Solution of exponential inequalities by introducing a new unknown. Solving exponential inequalities: basic methods. Lesson and presentation on the topic: "Exponential equations and exponential inequalities"

In this lesson, we will look at various exponential inequalities and learn how to solve them based on the methodology for solving the simplest exponential inequalities

1. Definition and properties of exponential function

Let us recall the definition and basic properties of the exponential function. It is on properties that the solution of all exponential equations and inequalities is based.

Exponential function is a function of the form, where the base of the degree and Here x is an independent variable, an argument; y - dependent variable, function.

Figure: 1. Exponential function graph

The graph shows increasing and decreasing exponents, illustrating the exponential function when the base is greater than one and less than one, but greater than zero, respectively.

Both curves pass through the point (0; 1)

Exponential function properties:

Domain: ;

Range of values:;

The function is monotonic, as it increases, as it decreases.

A monotone function takes each of its values \u200b\u200bfor a single argument value.

When, when the argument increases from minus to plus infinity, the function increases from zero, not inclusively, to plus infinity, that is, for given values \u200b\u200bof the argument, we have a monotonically increasing function (). For, on the contrary, when the argument increases from minus to plus infinity, the function decreases from infinity to zero, not inclusively, that is, for given values \u200b\u200bof the argument, we have a monotonically decreasing function ().

2. The simplest exponential inequalities, solution technique, example

Based on the above, we present a technique for solving the simplest exponential inequalities:

Methodology for solving inequalities:

Equalize the bases of the degrees;

Compare indicators, keeping or changing to the opposite sign of inequality.

The solution of complex exponential inequalities consists, as a rule, in their reduction to the simplest exponential inequalities.

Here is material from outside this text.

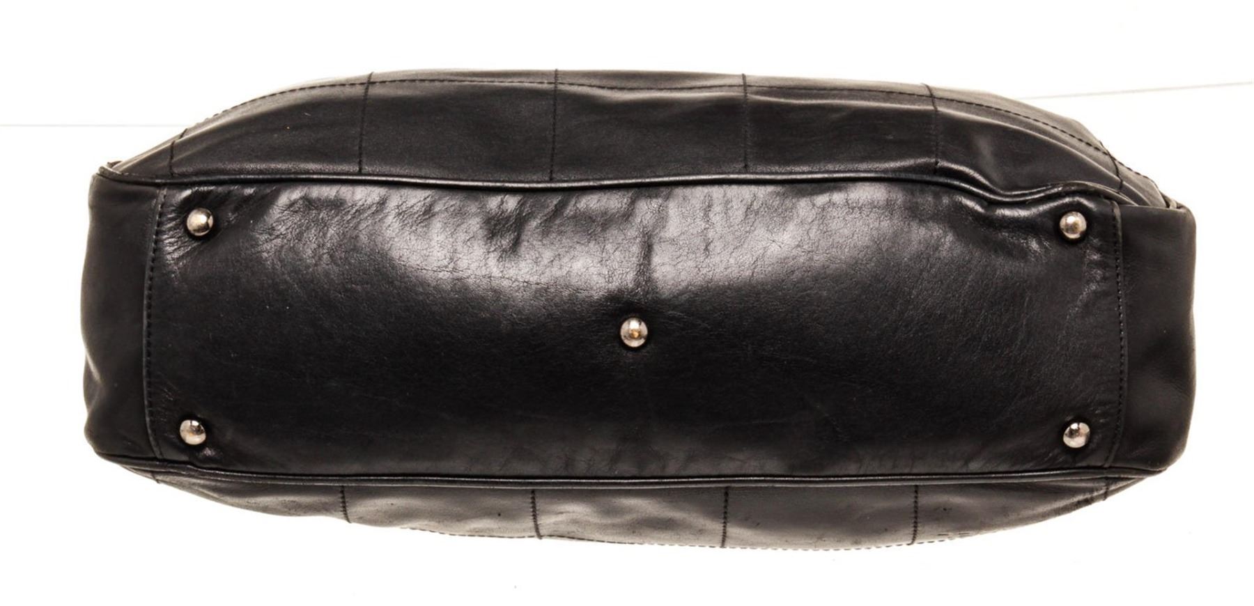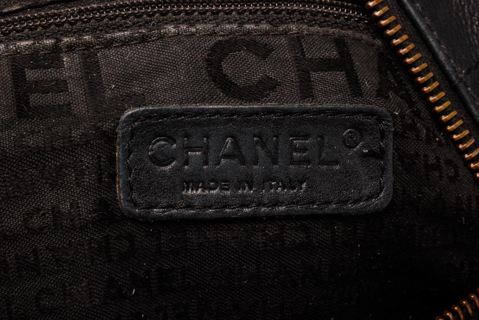 Chanel Chocolate Bar Boston Boston Bag Black Lambskin. Brand: Chanel, Style: Chocolate Bar Boston, Type: Boston Bag, Exterior Color: Black, Exterior Material: Lambskin, Exterior Pockets: None, Interior Color: Black, Interior Material: Fabric, Interior Pockets: One Slip, Closure: Zip, Handle/Strap Type: Top Handle, Length: 14.5, Width: 4, Height: 7, Handle Drop: 6. Condition: Leather is worn. Item is sold AS-IS and all information pertaining to this lot is available in the photos or this description.

The base of the degree is greater than one, which means that the inequality sign remains:

We transform the right side according to the properties of the degree:

The base of the degree is less than one, the inequality sign must be changed to the opposite:

To solve the quadratic inequality, we will solve the corresponding quadratic equation:

By Vieta's theorem, we find the roots:

The branches of the parabola are directed upwards.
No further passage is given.